With its nearly 140 works, the Albertina Museum is home to the world’s most important
collection of drawings by Albrecht Dürer (1471–1528). The present exhibition also includes
valuable international loan works in order to present Dürer’s drawn, printed, and painted
oeuvres as equally great artistic achievements. And with reference to the distinctive works
on exhibit, this exhibition also offers insights into the latest research findings.

The historical background of the Albertina Museum’s Dürer holdings is likewise a matter of
considerable distinction: their provenance can be traced back to 1528 without any gaps, thus
representing a group of works from the artist’s workshop that have been together for nearly
500 years. This collection prominently features family portraits and both animal and plant
studies as well as the lion’s share of Dürer’s head, hand, and clothing studies on colored paper.

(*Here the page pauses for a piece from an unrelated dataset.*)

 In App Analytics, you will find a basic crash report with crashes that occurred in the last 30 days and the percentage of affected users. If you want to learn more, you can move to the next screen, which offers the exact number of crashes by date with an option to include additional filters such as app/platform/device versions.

These holdings thus offer a uniquely ideal starting point from which to reconstruct his
personal conception of drawing done in a workshop setting, allowing one to also gain an
understanding of his personal, early-humanist concept of art.

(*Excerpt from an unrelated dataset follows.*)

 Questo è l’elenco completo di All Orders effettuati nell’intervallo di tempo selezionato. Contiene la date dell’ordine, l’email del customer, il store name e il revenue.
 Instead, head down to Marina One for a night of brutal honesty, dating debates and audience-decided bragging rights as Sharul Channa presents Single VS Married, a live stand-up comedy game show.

When one observes a work on paper such as the Praying Hands: Is this miracle of analytical
observation and incomparably precise reproduction not far too ambitious for the purpose for
which it is assumed to have been created—namely, to serve as a preliminary study? And to
what purpose associated with typical workshop practices should one attribute a work like the
famous Young Hare? While Dürer was not the first artist north of the Alps to produce such
studies, his creations indeed do go far beyond the tradition of other such exemplary 15th-
century works on paper in terms of their consummate technical, compositional, and artistic
quality, a quality that frequently even extends to his carefully placed monogram signature.
As “master drawings”, Dürer’s works on paper stand at the dawn of drawing’s autonomy as
an art form. And it was with this intent, though still within the protected sphere of the
workshop, that he created these exquisitely precious works that would pave the way for the
esteem that the medium of drawing was to be accorded in the future.